This building in central Barcelona was once the Hotel Continental, where George Orwell and his wife stayed when he wasn’t at the front, fighting with an anti-Stalinist Marxist militia during the Spanish Civil War. Here is where this scene in Orwell’s Homage to Catalonia played out, just as the pro-Soviet communists began their crackdown on all other leftist factions:
When I got to the hotel my wife was sitting in the lounge. She got up and came towards me in what struck me as a very unconcerned manner; then she put an arm round my neck and, with a sweet smile for the benefit of the other people in the lounge, hissed in my ear:
‘Get out!’
‘What?’
‘Get out of here at once!’
‘What?’
‘Don’t keep standing here! You must get outside quickly!’
‘What? Why? What do you mean?’
…‘Haven’t you heard?’
‘No. Heard what? I’ve heard nothing.’
‘The P.O.U.M.’S been suppressed. They’ve seized all the buildings. Practically everyone’s in prison. And they say they’re shooting people already.’
There are very few remaining signs that, for more than a year in 1936-37, this city was actually run by anarchists and labor unions. (It didn’t last: the Stalinists routed them, and then by 1939 the dictator Franco defeated the Stalinists. The Wikipedia entry on “Revolutionary Catalonia” is a good summary.)

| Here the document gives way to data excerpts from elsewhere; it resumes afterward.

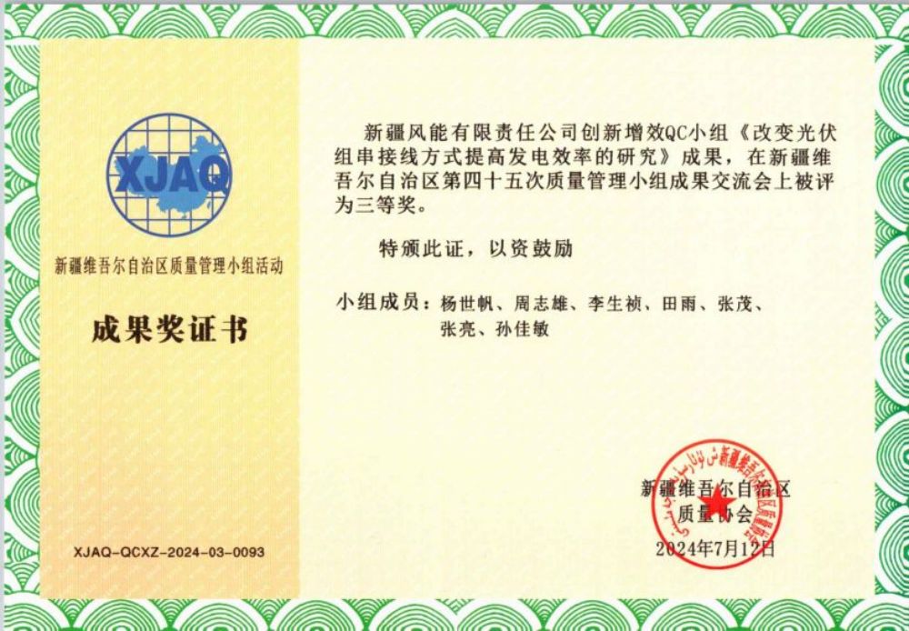此次交流會風能公司提交了三項Q C課題成果,與來自全疆各地的289個優(yōu)秀項目同臺競技。歷經(jīng)專家評審團的嚴格考察與綜合評定,最終,公司榮獲“表現(xiàn)突出集體”的稱號。其中“改變光伏組串接線方式提高發(fā)電效率的研究”項目喜獲三等獎,成為公司質量管理與技術創(chuàng)新征程上一座新的里程碑。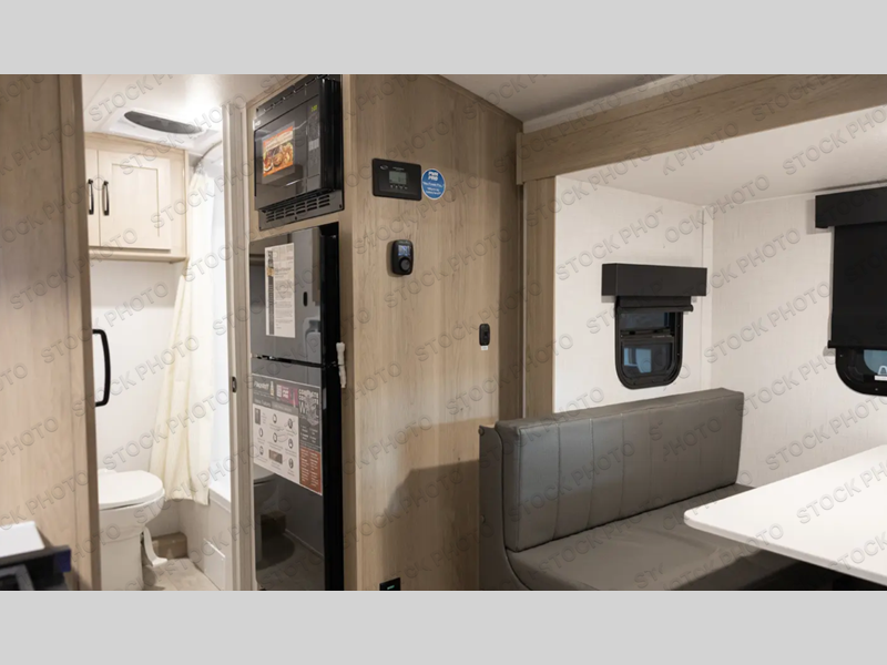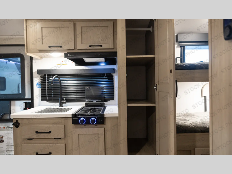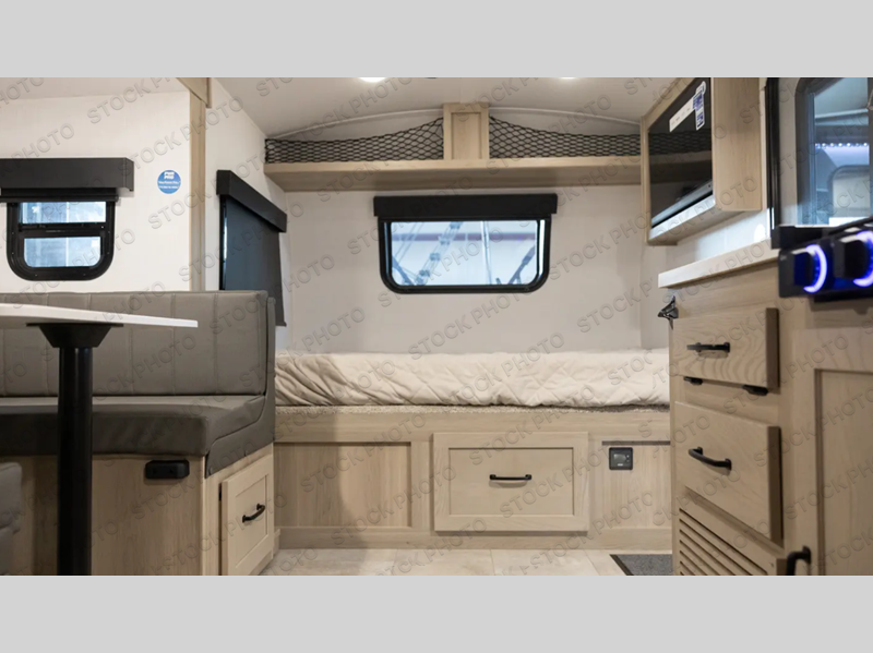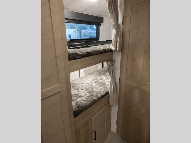 This spacious bunk trailer will work perfectly for a family or friend group that enjoys their own sleeping space, plus more floor space with the dinette slide out that can sleep one to two. The bottom bunk even flips up so you can stow away your bikes, totes and such through the bike door for secure travels. There is exterior storage for more outdoor gear, and interior storage found throughout. The cook will love having a pantry and overhead cabinets for snacks, canned goods, dishes and more. After making a warm meal, the 12V refrigerator can hold the leftovers. There is also a flip-down lavy sink in the full bath for added space when not in use!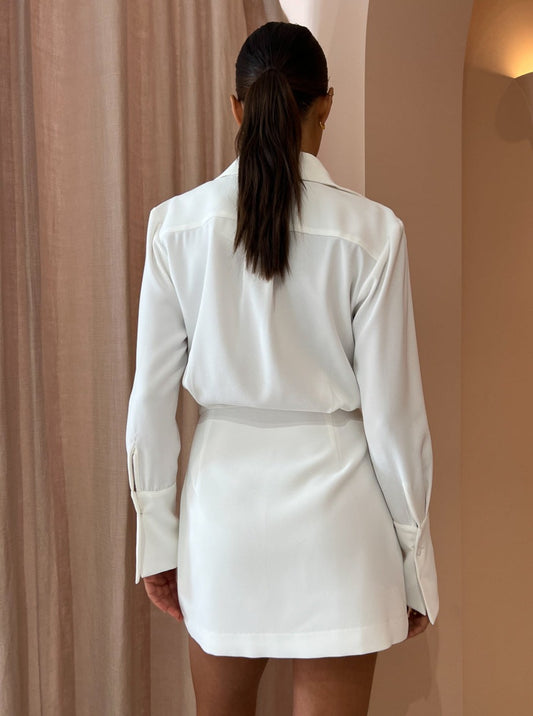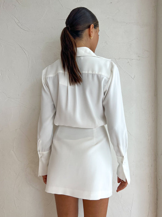 By Johnny Margot Mini Shirt Dress in Ivory

I’m grateful to Alan Warren, who offers tours of Orwell’s Barcelona, for pointing those signs and places out to me. It was a great two-hour break from the Latin American Studies Association conference taking place elsewhere in the city.

This hand-painted sign in Catalán, declaring this square to be the “Plaza of the Unknown Militiaman,” is one of the only remnants of the brief period of anarcho-syndicalist dominion of Barcelona. It was covered by a wooden board until 2004.